EXERCISE DIRECTIONS.
From the line containing "Com data 14" to the end of the data, retype every line exactly and nothing else. Drop the pictures.

** Opening DATA SEGMENT block **

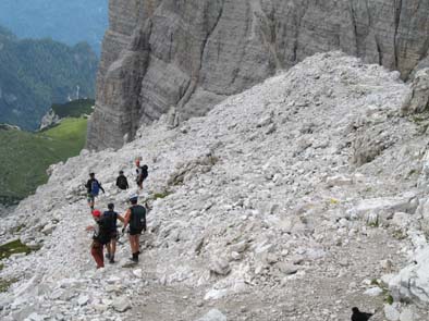 (Vorsicht!). Wir haben ein Stück nach der Seenscharte (Forc. de Laghi, ca. 2590m) übrigens die Abkürzung das Schotterkar rechts herunter (es gibt einen Weg, rel. gut zu erkennen) genommen. Der Abstieg ist zwar
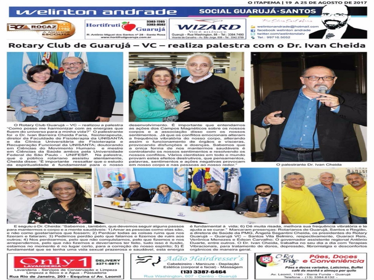Com data 14 de Agosto, o Professor Ivan B Cheida (Mestre em Ciências da Saúde) Professor e Diretor de Fisioterapia Unisanta, proferiu uma bela Palestra, tema Harmonização de Energia, saúde e prosperidade nas dependências do Club. Sendo muito aplaudido pela plateia, a nossa palestra foi abrilhantada com a presença de vários presidente da Baixada.
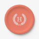 Coral White Wheat Laurel Wreath Initial Monogram Paper Plate

** Closing DATA SEGMENT block **

OUTPUT FOR THIS TASK.
Com data 14 de Agosto, o Professor Ivan B Cheida (Mestre em Ciências da Saúde) Professor e Diretor de Fisioterapia Unisanta, proferiu uma bela Palestra, tema Harmonização de Energia, saúde e prosperidade nas dependências do Club. Sendo muito aplaudido pela plateia, a nossa palestra foi abrilhantada com a presença de vários presidente da Baixada.
 Coral White Wheat Laurel Wreath Initial Monogram Paper Plate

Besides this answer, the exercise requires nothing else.